◆ **Records shown**:
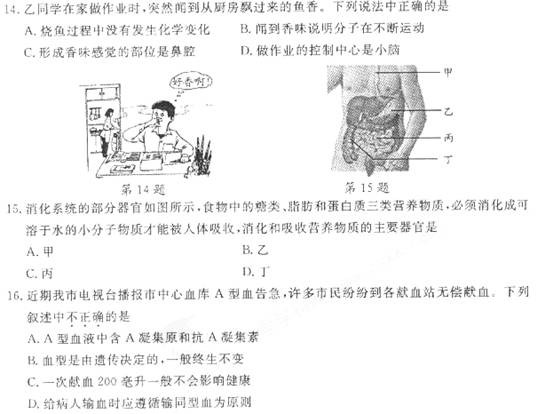 [组图]2012年衢州中考科学试卷答案及评分标准
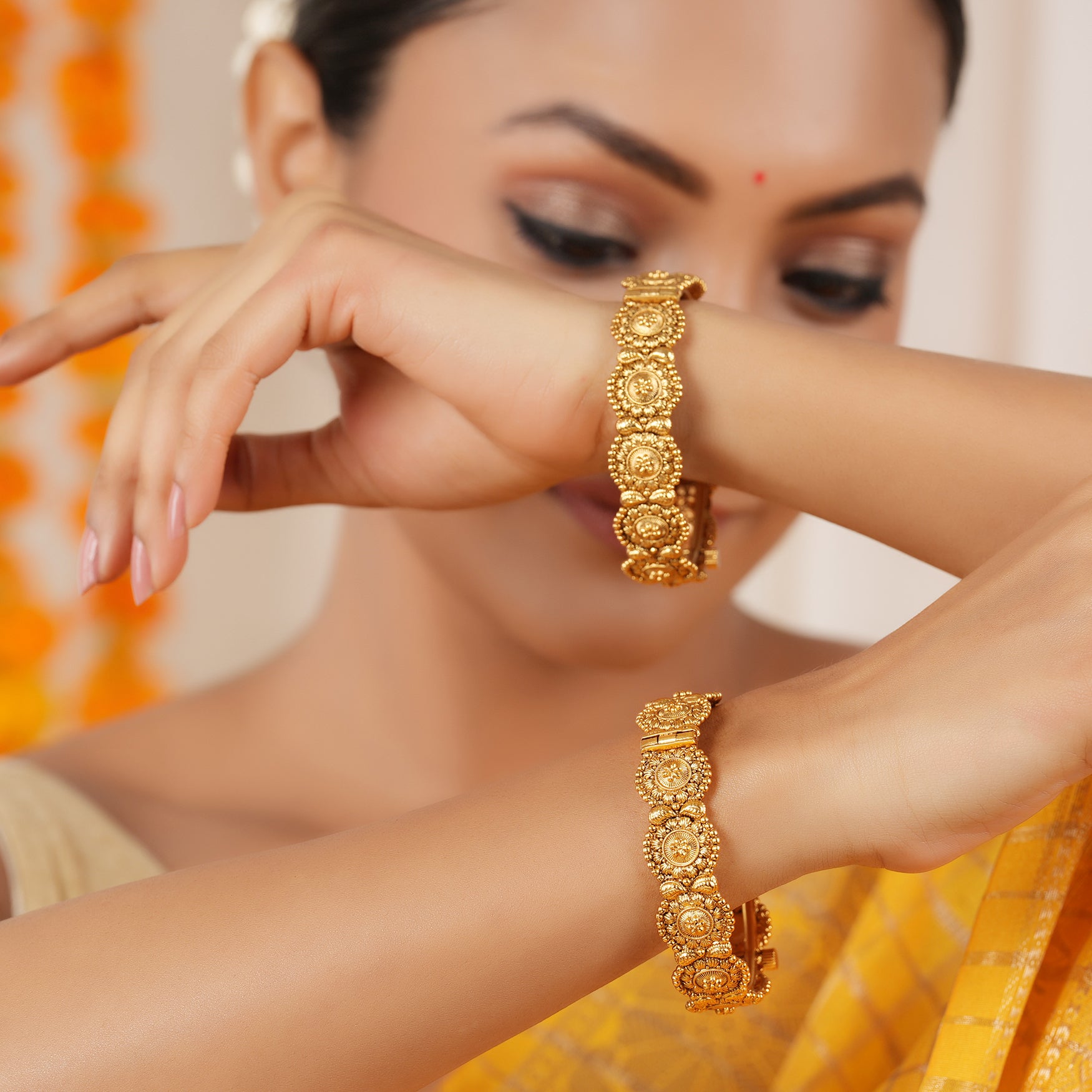 NOTE: This Stunning plain antique gold floral bangle set for women has been crafted by hand and may have slight irregularities or imperfections in color or embellishment.
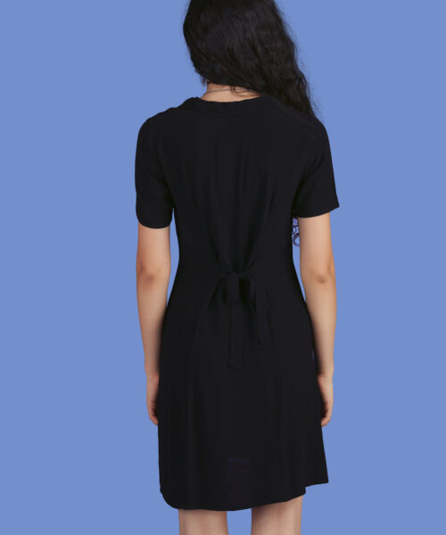 Beautiful rayon dress with mother of pearl front button closure. Material is light, flowy and slightly sheer. Fit is true to size.
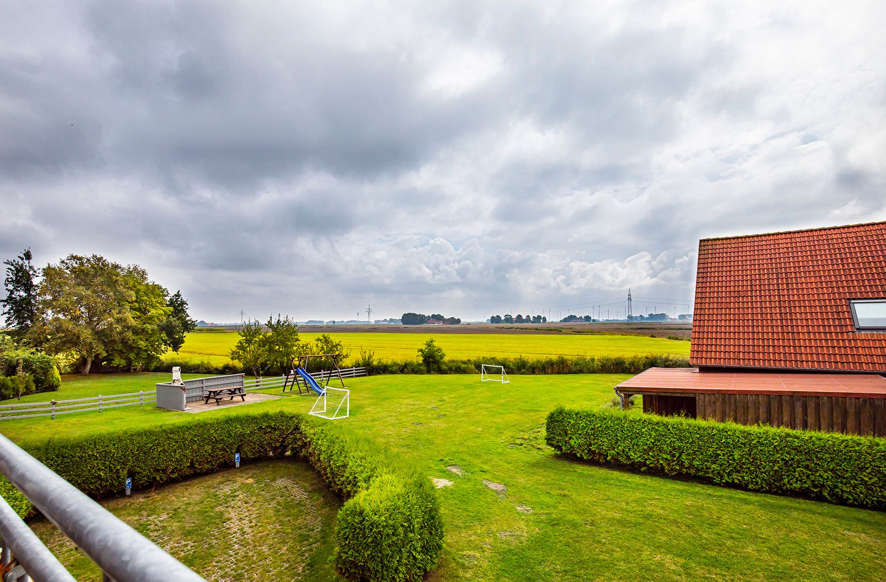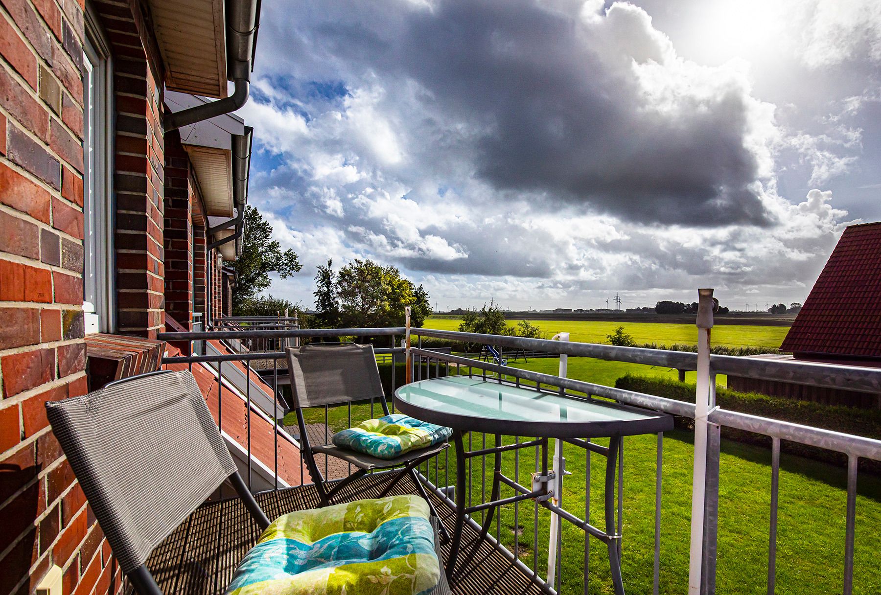 Unsere Ferienwohnung 2 im 1. Obergeschoss garantiert Ihnen mit einer Fläche von 65 m² über 2 Ebenen und einem großen Balkon eine erholsame Urlaubszeit in Ostfriesland. Entspannen Sie sich in Ihrem Zuhause auf Zeit mit einer grandiosen Fernsicht über das idyllische Marschland.
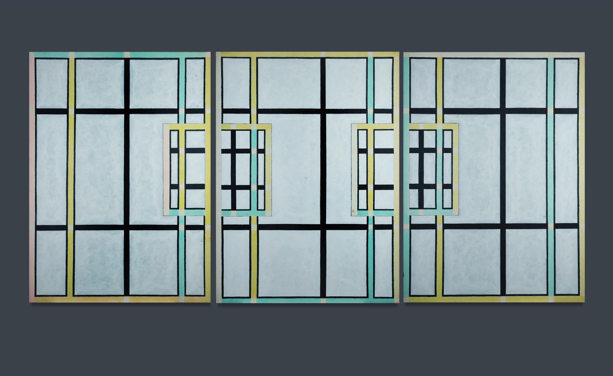 PLAPP, Jon (1938-2006) 'Until is and shall be [Triptych]' 1991. Signed and inscribed verso. Acrylic on Canvas 168x122cm (each panel) 168x366cm (overall)Estimate $4,000-6,000

◆ **Required action**:
Above are some entries. Restate word for word the lines from the one holding "NOTE: This Stunning" through the one holding "Unsere Ferienwohnung 2", but not the pictures.

◆ **Result below**:
 NOTE: This Stunning plain antique gold floral bangle set for women has been crafted by hand and may have slight irregularities or imperfections in color or embellishment.
 Beautiful rayon dress with mother of pearl front button closure. Material is light, flowy and slightly sheer. Fit is true to size.
 Unsere Ferienwohnung 2 im 1. Obergeschoss garantiert Ihnen mit einer Fläche von 65 m² über 2 Ebenen und einem großen Balkon eine erholsame Urlaubszeit in Ostfriesland. Entspannen Sie sich in Ihrem Zuhause auf Zeit mit einer grandiosen Fernsicht über das idyllische Marschland.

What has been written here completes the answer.